--- Data excerpt Enclosed Below ---

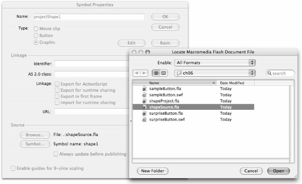 Choose Properties from the contextual menu or from the Library options menu and under Source in the Symbol Properties dialog box, click the Browse button to find the .fla file that contains the symbol you want to use as a source. After you find the .fla that will be your source, select it in the file list and click the Open button (as shown in Figure 6-25).
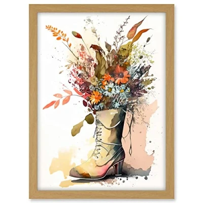 Artery8 Spring Wildflower Bouquet in High Heel Army Boot Artwork Framed A3 Wall Art Print
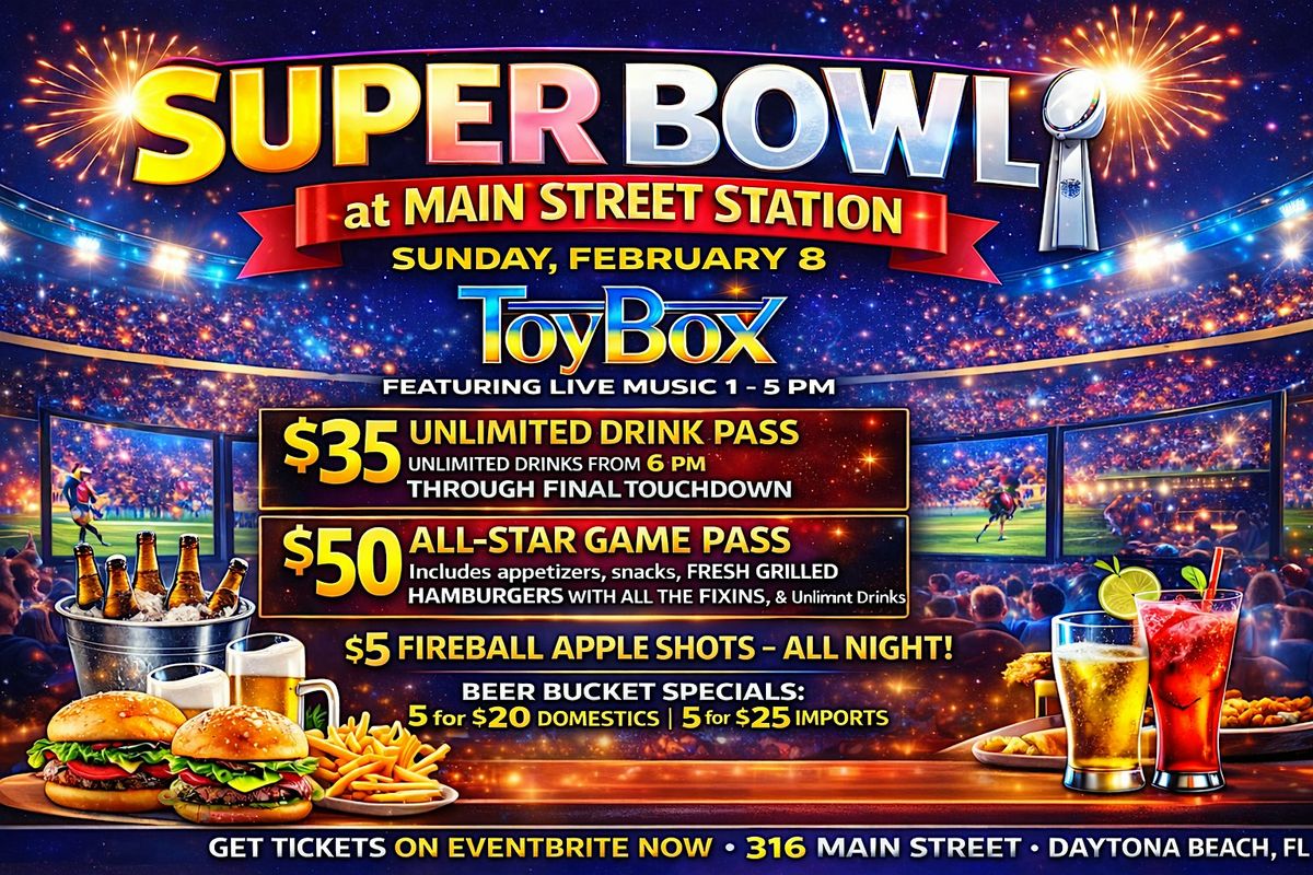 Tickets are limited. Choose your package, grab your spot, and enjoy the Super Bowl at Main Street Station.

--- End of Enclosed Data excerpt ---

### Exercise brief:
Although the material contains pictures, only the lines are to be written out, exactly as they stand.

### Response box:
 Choose Properties from the contextual menu or from the Library options menu and under Source in the Symbol Properties dialog box, click the Browse button to find the .fla file that contains the symbol you want to use as a source. After you find the .fla that will be your source, select it in the file list and click the Open button (as shown in Figure 6-25).
 Artery8 Spring Wildflower Bouquet in High Heel Army Boot Artwork Framed A3 Wall Art Print
 Tickets are limited. Choose your package, grab your spot, and enjoy the Super Bowl at Main Street Station.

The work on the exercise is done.